Abstract
Purpose
The purpose of this paper is to eliminate the fluctuations in train arrival and departure times caused by skewed distributions in interval operation times. These fluctuations arise from random origin and process factors during interval operations and can accumulate over multiple intervals. The aim is to enhance the robustness of high-speed rail station arrival and departure track utilization schemes.
Design/methodology/approach
To achieve this objective, the paper simulates actual train operations, incorporating the fluctuations in interval operation times into the utilization of arrival and departure tracks at the station. The Monte Carlo simulation method is adopted to solve this problem. This approach transforms a nonlinear model, which includes constraints from probability distribution functions and is difficult to solve directly, into a linear programming model that is easier to handle. The method then linearly weights two objectives to optimize the solution.
Findings
Through the application of Monte Carlo simulation, the study successfully converts the complex nonlinear model with probability distribution function constraints into a manageable linear programming model. By continuously adjusting the weighting coefficients of the linear objectives, the method is able to optimize the Pareto solution. Notably, this approach does not require extensive scene data to obtain a satisfactory Pareto solution set.
Originality/value
The paper contributes to the field by introducing a novel method for optimizing high-speed rail station arrival and departure track utilization in the presence of fluctuations in interval operation times.
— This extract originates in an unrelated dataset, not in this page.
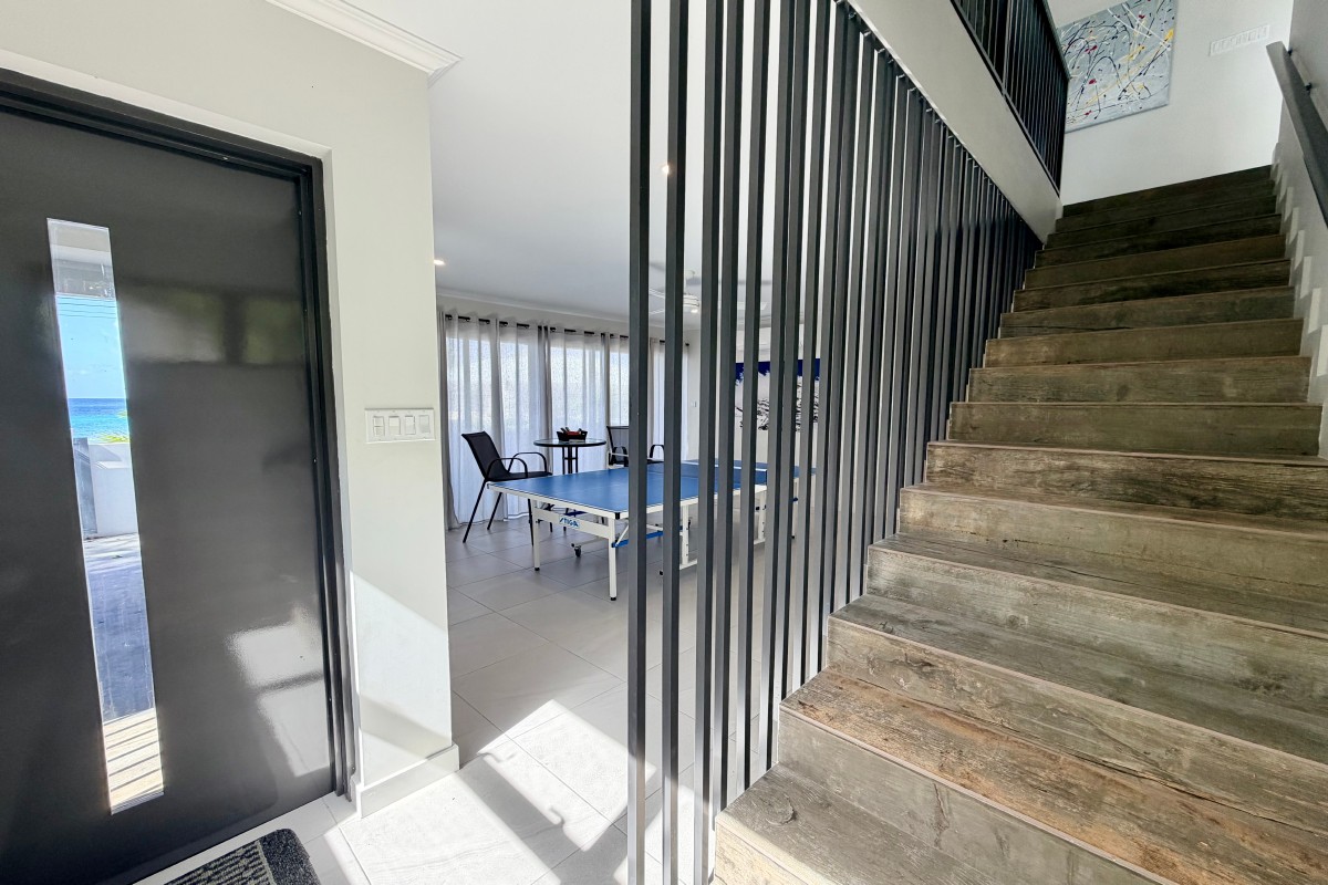 The property is fully screened throughout, including automatic screens on both the upstairs and downstairs sliding doors. From this upper level, there is a panoramic sea view which is secured, as there is no land to develop across the road, simply a boardwalk and the ocean.

The use of Monte Carlo simulation to transform the problem into a tractable linear programming model represents a significant advancement. Furthermore, the method’s ability to produce satisfactory Pareto solutions without relying on extensive data sets adds to its practical value and applicability in real-world scenarios.
Keywords
Citation
Zheng, Y. and Zhang, D. (2024), "Optimization study of station track utilization in high-speed railroad based on constraints of control in random origin and process", Railway Sciences, Vol. 3 No. 3, pp. 332-343. https://doi.org/10.1108/RS-04-2024-0010
Publisher
:Emerald Publishing Limited
Copyright © 2024, Yajing Zheng and Dekun Zhang
License
Published in Railway Sciences. Published by Emerald Publishing Limited. This article is published under the Creative Commons Attribution (CC BY 4.0) licence. Anyone may reproduce, distribute, translate and create derivative works of this article (for both commercial and non-commercial purposes), subject to full attribution to the original publication and authors. The full terms of this licence may be seen at http://creativecommons.org/licences/by/4.0/legalcode
1. Introduction
The operation plan for arrival and departure tracks is crucial for train operations at railway passenger stations. The plan specifies the track designation and occupation time of all arrival and departure trains in the arrival and departure yard at a station within a given period. There have already been studies in this field by researchers since the 1960s (Gulbrodsen, 1963). In the early stages, operation plans for arrival and departure tracks were studied based on fixed timetables (Billionnet, 2003; Xie & Li, 2004). However, subsequent research integrated the operation of arrival and departure tracks with arrival and departure routing (Shi, Chen, QIN, & Zhou, 2009), EMU circulation (Wang, Huang, Zheng, & Zheng, 2018) and train operation adjustment (Wang, Zha, & Wang, 2022). Furthermore, considerations were also given to the impact of random factors in actual operation (Jánošíková & Krempl, 2014; Odijk, 1999; Zeng, Zhang, & Lei, 2017), significantly expanding the applicability of the obtained results. However, in those studies, random factors were often materialized by assuming the scenario of the delay of one train and the consequent delay of the following trains. Such a simple interpretation of the random factors of the train’s deviation from the plan is different from the actual operation. While some studies (Briggs & Beck, 2007; Fischetti, Salvagnin, & Zanette, 2009; Gilg et al., 2018) have considered the randomness and robustness of arrival and departure times, they primarily focused on scenarios of train delays and neglected the scenario of early arrivals. Therefore, this paper studies deviations of arrival times from the plan in the form of early arrivals and delays in actual train operation. By simulating the nonpunctual arrival scenarios of each train at different stations, a more stable preparation method for the operation plan of arrival and departure tracks is proposed. Furthermore, a multi-objective optimization model is established and Pareto optimization solutions are derived.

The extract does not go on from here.